CN110482753B - High-concentration industrial waste liquid separation device and method - Google Patents

Abstract

The invention provides a high-concentration industrial waste liquid separation device and a method, wherein one end of a water pump of the device is connected with a waste water pond through a water suction pipe, the other end of a first water pump is connected with the inlet end of an atomization vaporization chamber through a first water pipe, at least one atomization nozzle is arranged in the atomization vaporization chamber, the atomization nozzle is provided with two interfaces and two concentric nozzles, one interface of the atomization nozzle is connected with waste water, and the other interface of the atomization nozzle is connected with a steam pipe; the atomization vaporization chamber is connected with the filter chamber through a first pipeline, the upper end of the filter chamber is connected with a reverse blowing steam pipe, the lower end of the filter chamber is connected with a crystal collecting box, the filter chamber is connected with the condenser through a second pipeline, an automatic drainage valve is connected below one side of the condenser, and a condensing water tank is connected to the outlet of the automatic drainage valve; by the method corresponding to the device, the recycling of raw materials is realized, and zero emission of wastewater is achieved.

Description

High-concentration industrial waste liquid separation device and method

Technical Field

The invention provides a high-concentration industrial waste liquid separation device and a high-concentration industrial waste liquid separation method, and relates to the technical field of environmental protection, including industry and the like, in which industrial waste water is generated and needs to be recovered and recycled.

Background

With the improvement of modern technological level and the improvement of environmental protection requirement, a great amount of wastewater discharged by some industrial industries at present often contains a great amount of chemical substances and the like, industrial waste liquid such as water washing waste water, acid washing waste water and the like is generated in the production process through one or more procedures, and a certain high-viscosity acid liquid is often brought into water by a workpiece to be wasted, wherein the high-viscosity acid liquid usually contains metal salt, water and the like, so that the wastewater can be discharged after purification treatment.
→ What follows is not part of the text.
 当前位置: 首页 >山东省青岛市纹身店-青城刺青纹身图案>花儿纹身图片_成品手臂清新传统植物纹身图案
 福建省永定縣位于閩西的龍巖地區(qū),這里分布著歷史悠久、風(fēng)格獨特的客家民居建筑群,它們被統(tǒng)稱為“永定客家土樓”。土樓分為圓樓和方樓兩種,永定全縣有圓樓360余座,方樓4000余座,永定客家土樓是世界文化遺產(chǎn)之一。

The best effort is to realize the zero discharge of industrial wastewater. For such waste water, roasting method, neutralization method and other processes are commonly adopted at home at present, but the processes in the treatment processes are complex, the cost is high, and resource waste and secondary pollution can be caused.

In view of this, there is an urgent need to design a new industrial waste liquid separation device and method that is adaptable to various states so as to overcome the above-mentioned drawbacks of the existing treatment of industrial waste liquid.

Disclosure of Invention

The invention aims at the problems existing in the existing industrial waste liquid treatment process, and achieves the effects of zero emission and environmental protection of industrial waste water in order to improve the treatment effect of industrial waste liquid. Meanwhile, industrial chemical raw materials and industrial water can be recycled, the use of clean water is saved, and the industrial raw materials are saved, so that the cost is saved, and the environmental pollution is reduced. A high concentration industrial waste liquid separation device and method are provided.
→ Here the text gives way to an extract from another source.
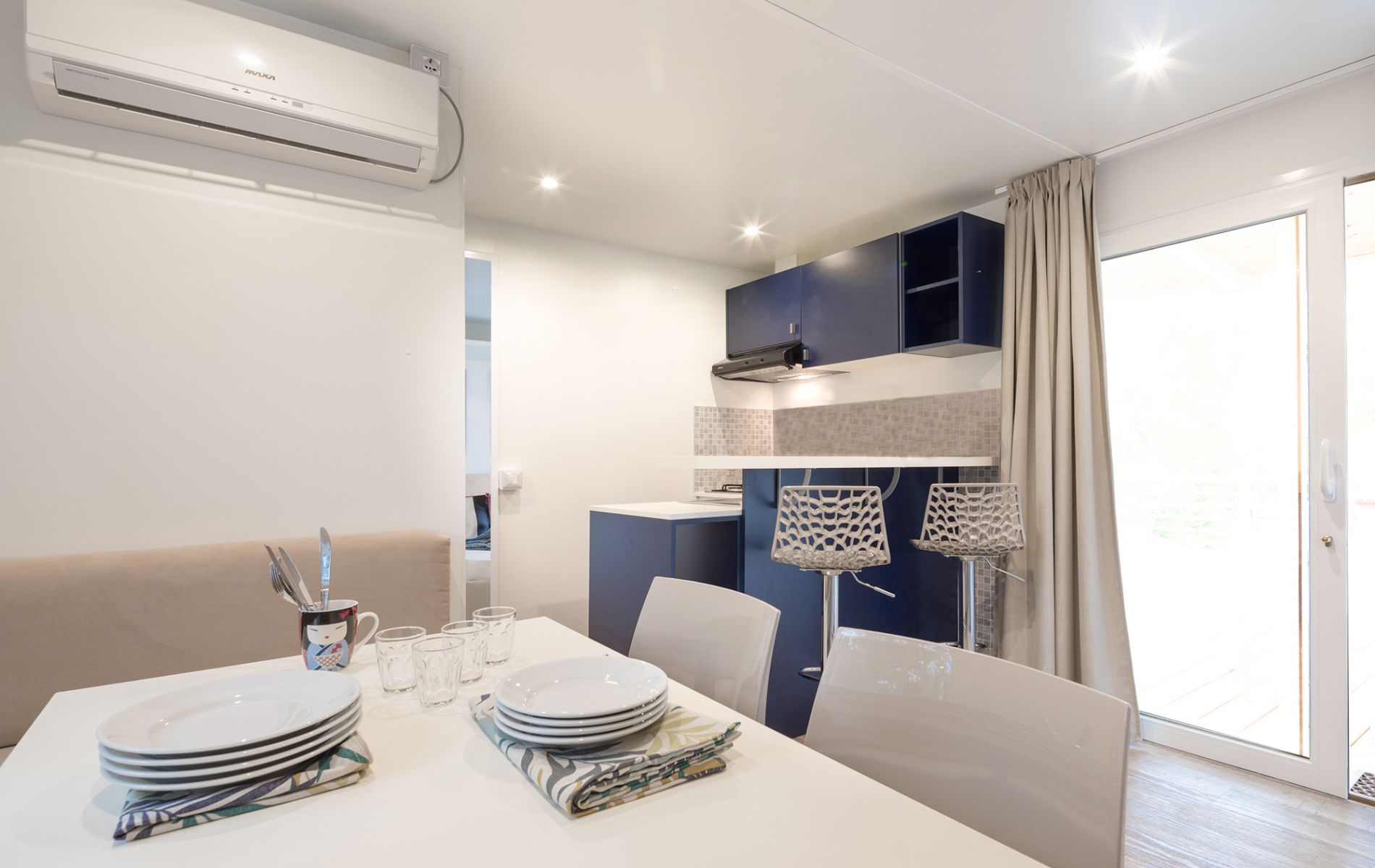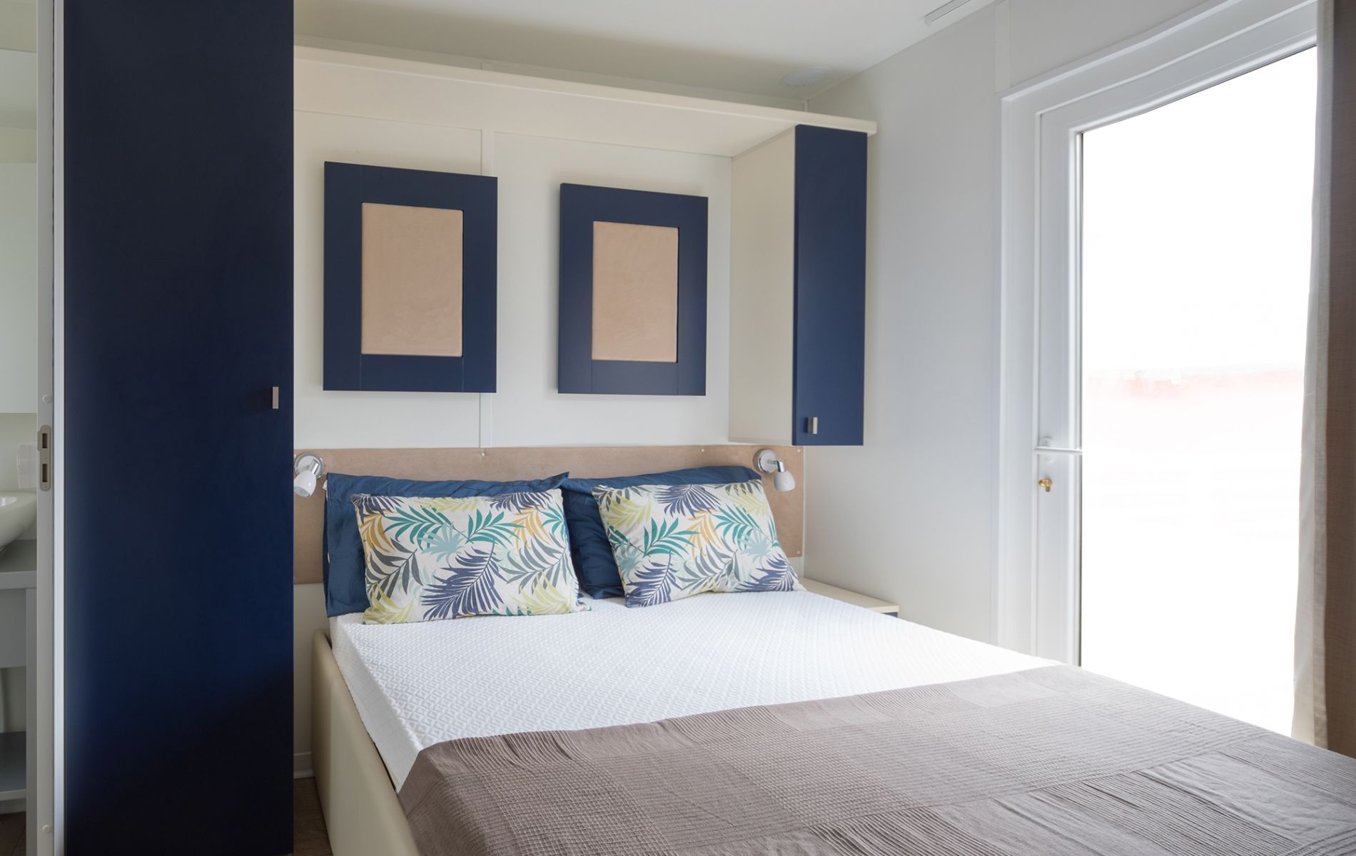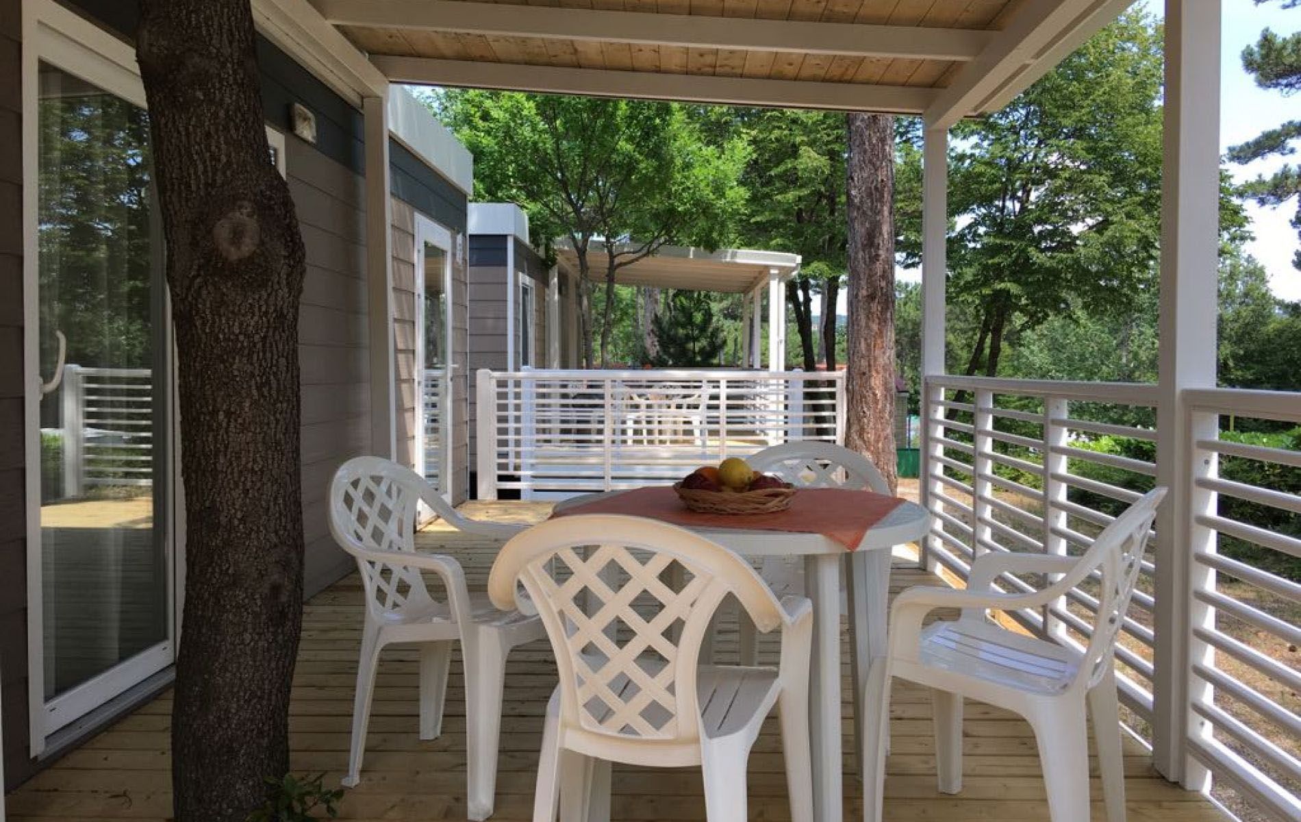 Das frische, junge und gemütliche Mobilheim Baia Elite mit einer Fläche von ca. 33 m² ist für Familien oder Gruppen von Freunden mit bis zu 6 Personen gedacht. Die Inneneinrichtung ist modern und komfortabel: eine Küchenecke mit Halbinsel (Halbinsel nur in einigen Unterkünften vorhanden), komplett mit 4-Flammen-Herd, Spüle, Töpfen und Geschirr sowie einem großen Kühlschrank mit Gefrierfach. Die große Fenstertür, die auf die geräumige Holzveranda führt, verleiht dem geräumigen Wohnzimmer, das mit einem Sofa, einem Tisch und Stühlen ausgestattet ist, Helligkeit. Die Unterkunft wird vervollständigt durch einen Schlafbereich mit 3 Schlafzimmern, eines mit einem Doppelbett und 2 mit 2 Einzelbetten, ein komplettes Badezimmer mit WC, Dusche, Waschbecken und 1 Badezimmer mit WC und Waschbecken.

In order to achieve the above object, the present invention provides a high-concentration industrial waste liquid separation device comprising: the device comprises a waste liquid pool, a water suction pipe, a first water pump, a first water pipe, an atomization vaporization chamber, an atomization nozzle, a steam pipe, a first pipeline, a filter chamber, a crystal collecting box, a second pipeline, a condenser, an automatic drainage valve and a condensate water tank; one end of the first water pump is connected with the waste liquid pool through a water suction pipe, the other end of the first water pump is connected with the inlet end of the atomization vaporization chamber through the first water pipe, at least one atomization nozzle is arranged in the atomization vaporization chamber, the atomization nozzle is provided with two interfaces and two concentric nozzles, one interface of the atomization nozzle is connected with waste water, and the other interface of the atomization nozzle is connected with a steam pipe; the atomization vaporization chamber is connected with the filter chamber through a first pipeline, the upper end of the filter chamber is connected with a reverse blowing steam pipe, the lower end of the filter chamber is connected with a crystal collecting box, the filter chamber is connected with the condenser through a second pipeline, an automatic drainage valve is connected below one side of the condenser, and a condensing water tank is connected to the outlet of the automatic drainage valve.
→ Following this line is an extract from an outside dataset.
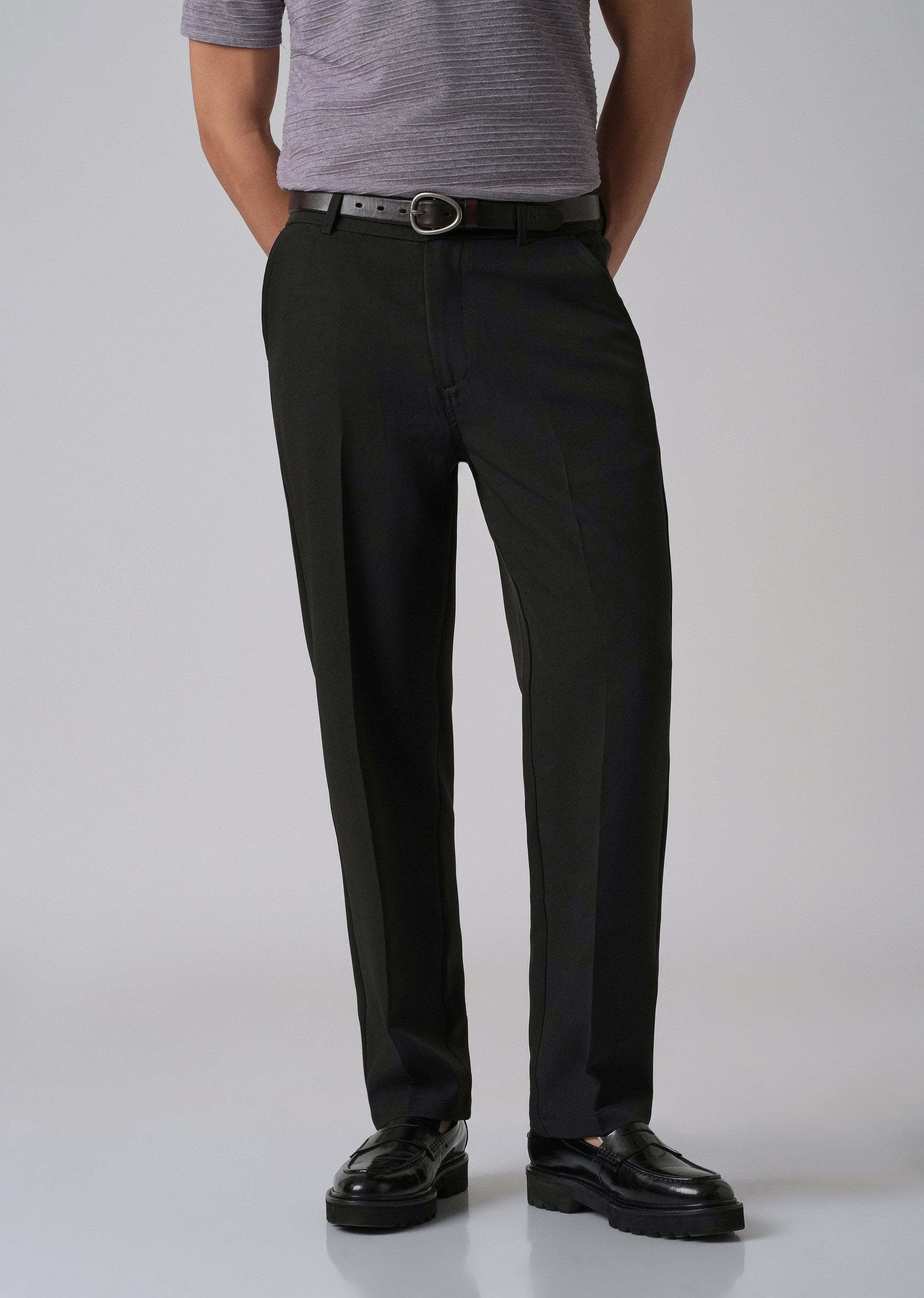 - Semi-elasticated waist with belt loops for a tailored yet flexible fit.

Further, a valve for controlling the speed of the wastewater entering the atomization vaporization chamber is arranged on the water suction pipe between the first water pump and the waste liquid pool.

Further, a tee joint is arranged between the valve and the first water pump, a reflux water pipe is arranged at the third end of the tee joint, and the other end of the reflux water pipe is connected with the waste liquid pool.

Further, a reflux valve for controlling the speed of the wastewater in the tee joint flowing back to the wastewater tank is arranged on a reflux water pipe between the tee joint and the wastewater tank.

Further, the top of the filter chamber is provided with a reverse blowing steam pipe for reversely blowing chemical salt crystallization on the filter membrane.

Further, the bottom of the condenser is connected with the waste liquid pool through a second water pipe, and a second water pump is arranged on the second water pipe; the top of the condenser is connected with the waste liquid pool through a third water pipe.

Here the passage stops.